Assignment: Restate word for word each line from the one containing "自治區黨委副書記危朝安(左四)參觀湘桂集團產品。" through the end of the material, and nothing more. Drop every picture.

Information given:
^^^^^^^^^^^^^^^^

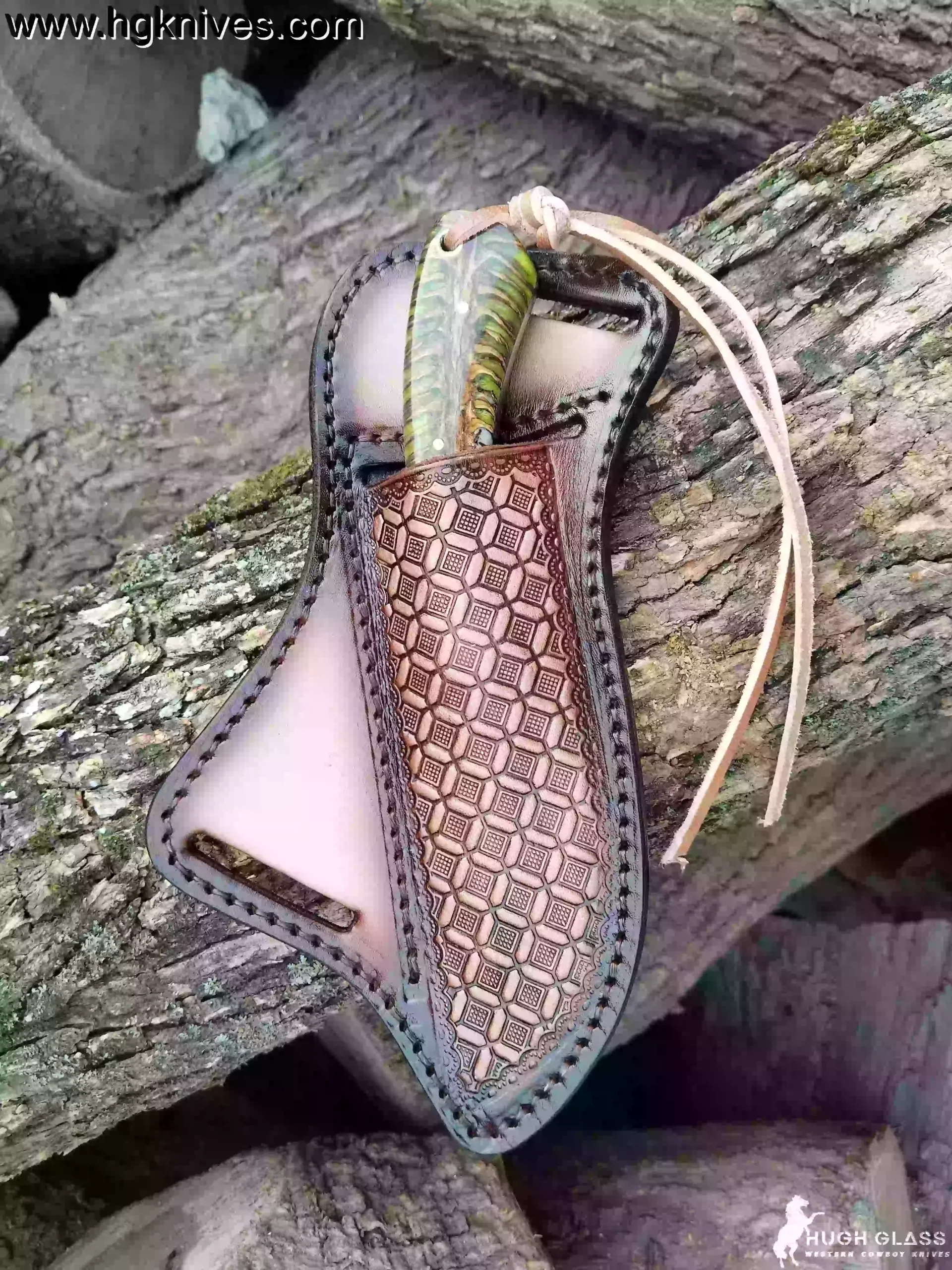 The handle features a stunning pine cone resin handle, providing a secure grip while adding a unique, eye-catching aesthetic. Balanced perfectly at 8.0 inches overall length, this handmade knife feels solid and comfortable in hand. A genuine cowhide leather pancake sheath is included for safe carry and classic Western appeal.
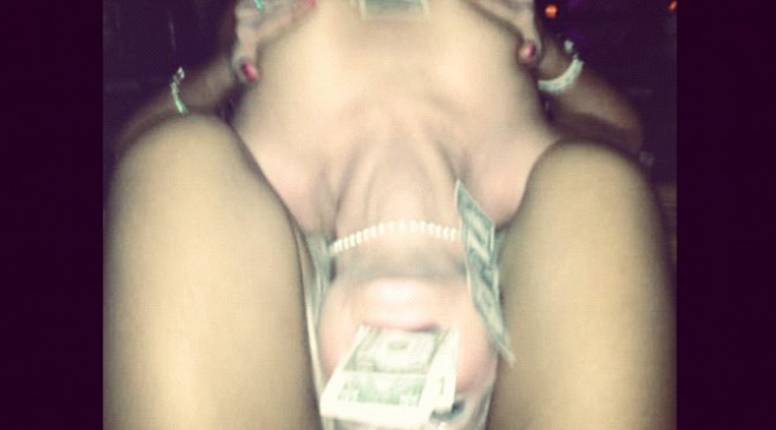 Pjevačica je na Twitteru objavila fotografiju na kojoj joj striptizeta drži glavu između bedara. Striptizeta je u toplesu  i rukama pokriva grudi, a cijelo tijelo posuto joj je novčanicama.
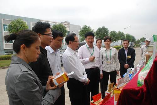 自治區黨委副書記危朝安(左四)參觀湘桂集團產品。
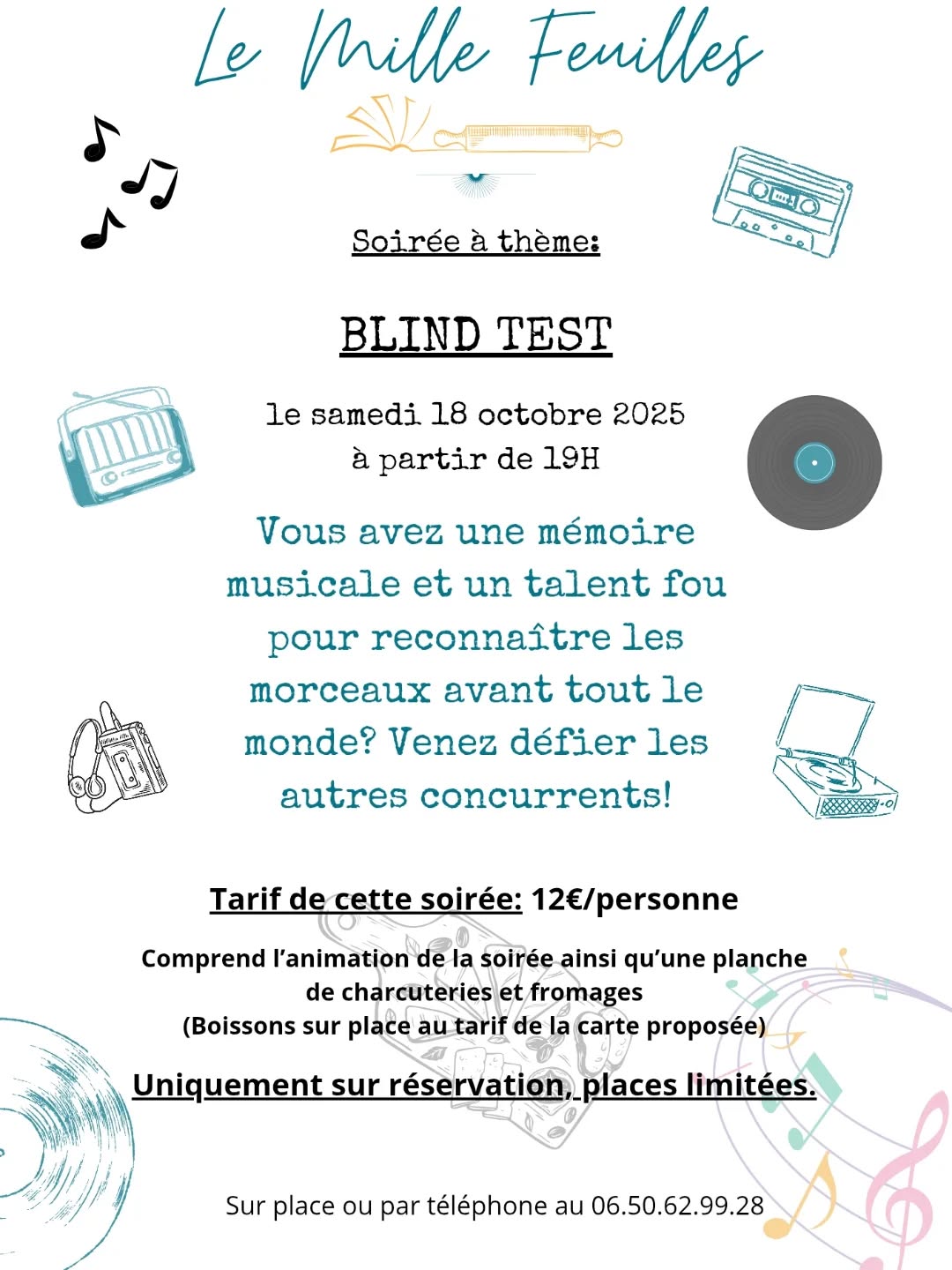 Tarif : 12 €, comprenant l’animation de la soirée et une planche de charcuterie / fromage. Boissons sur place aux tarifs de la carte. Uniquement sur réservation, sur place ou par téléphone : 06 50 62 99 28.
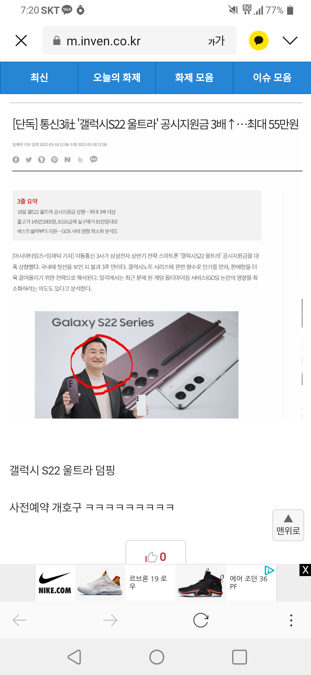 시발 나도 이번에 s22 울트라로 처음 사전예약해서 산건데 다시는 삼성폰 사전예약은 사지 않겠습니다

^^^^^^^^^^^^^^^^

Solution:
 自治區黨委副書記危朝安(左四)參觀湘桂集團產品。
 Tarif : 12 €, comprenant l’animation de la soirée et une planche de charcuterie / fromage. Boissons sur place aux tarifs de la carte. Uniquement sur réservation, sur place ou par téléphone : 06 50 62 99 28.
 시발 나도 이번에 s22 울트라로 처음 사전예약해서 산건데 다시는 삼성폰 사전예약은 사지 않겠습니다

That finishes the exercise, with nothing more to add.